(Data extracted from a collection)
---+---
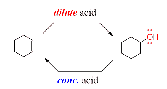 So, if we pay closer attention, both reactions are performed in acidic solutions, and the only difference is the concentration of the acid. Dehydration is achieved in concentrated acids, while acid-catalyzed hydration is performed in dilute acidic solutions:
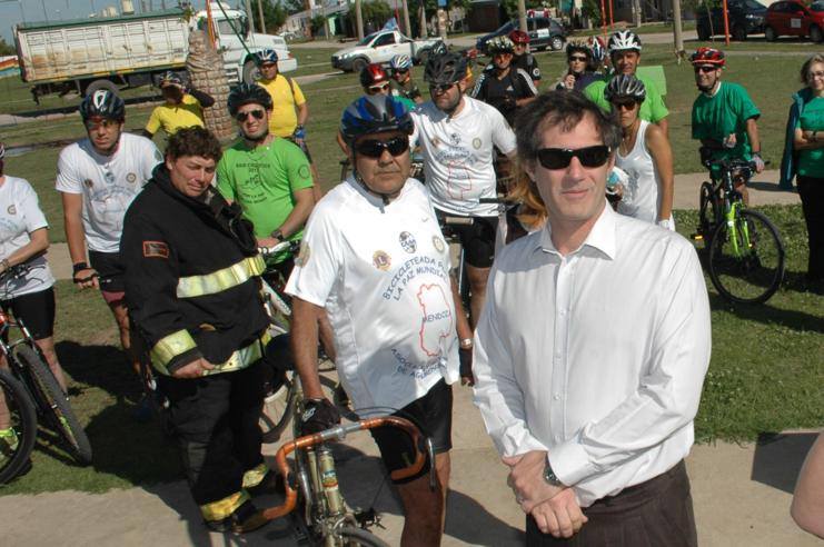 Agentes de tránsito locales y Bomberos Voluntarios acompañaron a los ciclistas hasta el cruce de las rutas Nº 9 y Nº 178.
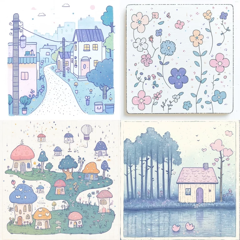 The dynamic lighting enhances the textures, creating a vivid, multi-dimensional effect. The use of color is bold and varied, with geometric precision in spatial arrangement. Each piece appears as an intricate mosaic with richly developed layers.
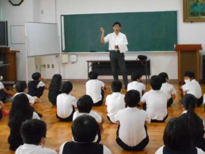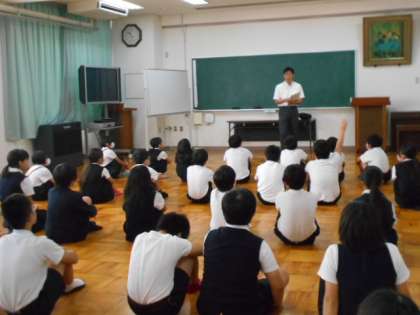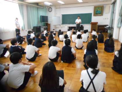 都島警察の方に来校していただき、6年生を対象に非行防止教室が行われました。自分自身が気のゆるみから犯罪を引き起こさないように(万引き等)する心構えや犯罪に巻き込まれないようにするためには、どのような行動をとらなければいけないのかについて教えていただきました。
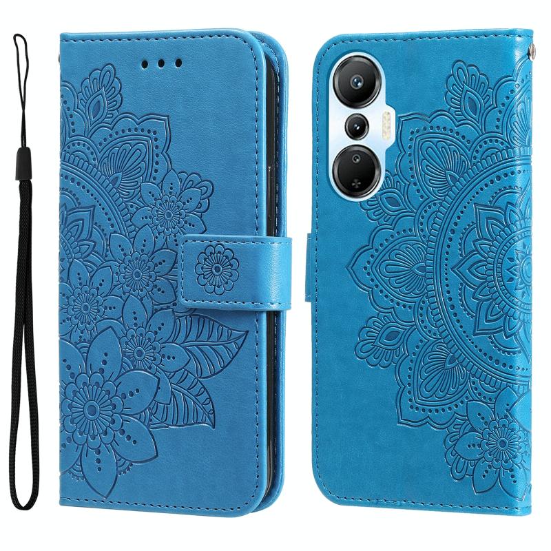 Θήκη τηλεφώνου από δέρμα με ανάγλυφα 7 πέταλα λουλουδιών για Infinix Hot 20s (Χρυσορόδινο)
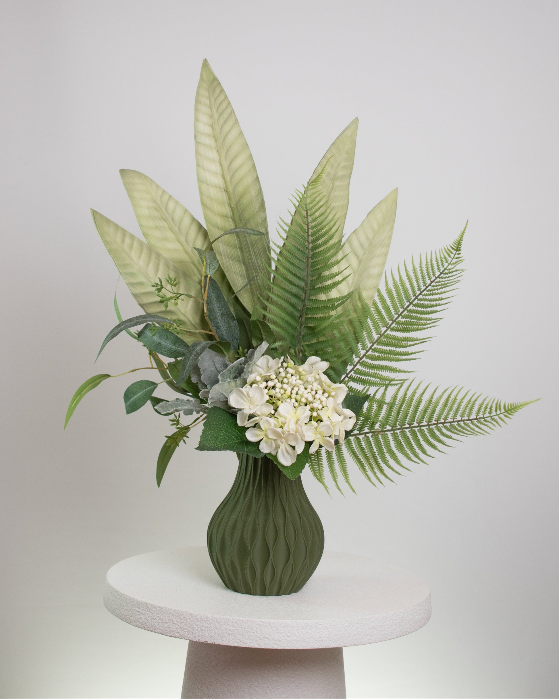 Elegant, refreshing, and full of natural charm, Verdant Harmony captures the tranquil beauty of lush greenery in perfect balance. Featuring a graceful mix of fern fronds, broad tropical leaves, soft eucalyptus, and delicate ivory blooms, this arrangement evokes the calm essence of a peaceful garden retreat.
---+---
Leaving the pictures out, set down exactly the lines from the one with "都島警察の方に来校していただ" through the end of the records.

> **Result of the task**:
 都島警察の方に来校していただき、6年生を対象に非行防止教室が行われました。自分自身が気のゆるみから犯罪を引き起こさないように(万引き等)する心構えや犯罪に巻き込まれないようにするためには、どのような行動をとらなければいけないのかについて教えていただきました。
 Θήκη τηλεφώνου από δέρμα με ανάγλυφα 7 πέταλα λουλουδιών για Infinix Hot 20s (Χρυσορόδινο)
 Elegant, refreshing, and full of natural charm, Verdant Harmony captures the tranquil beauty of lush greenery in perfect balance. Featuring a graceful mix of fern fronds, broad tropical leaves, soft eucalyptus, and delicate ivory blooms, this arrangement evokes the calm essence of a peaceful garden retreat.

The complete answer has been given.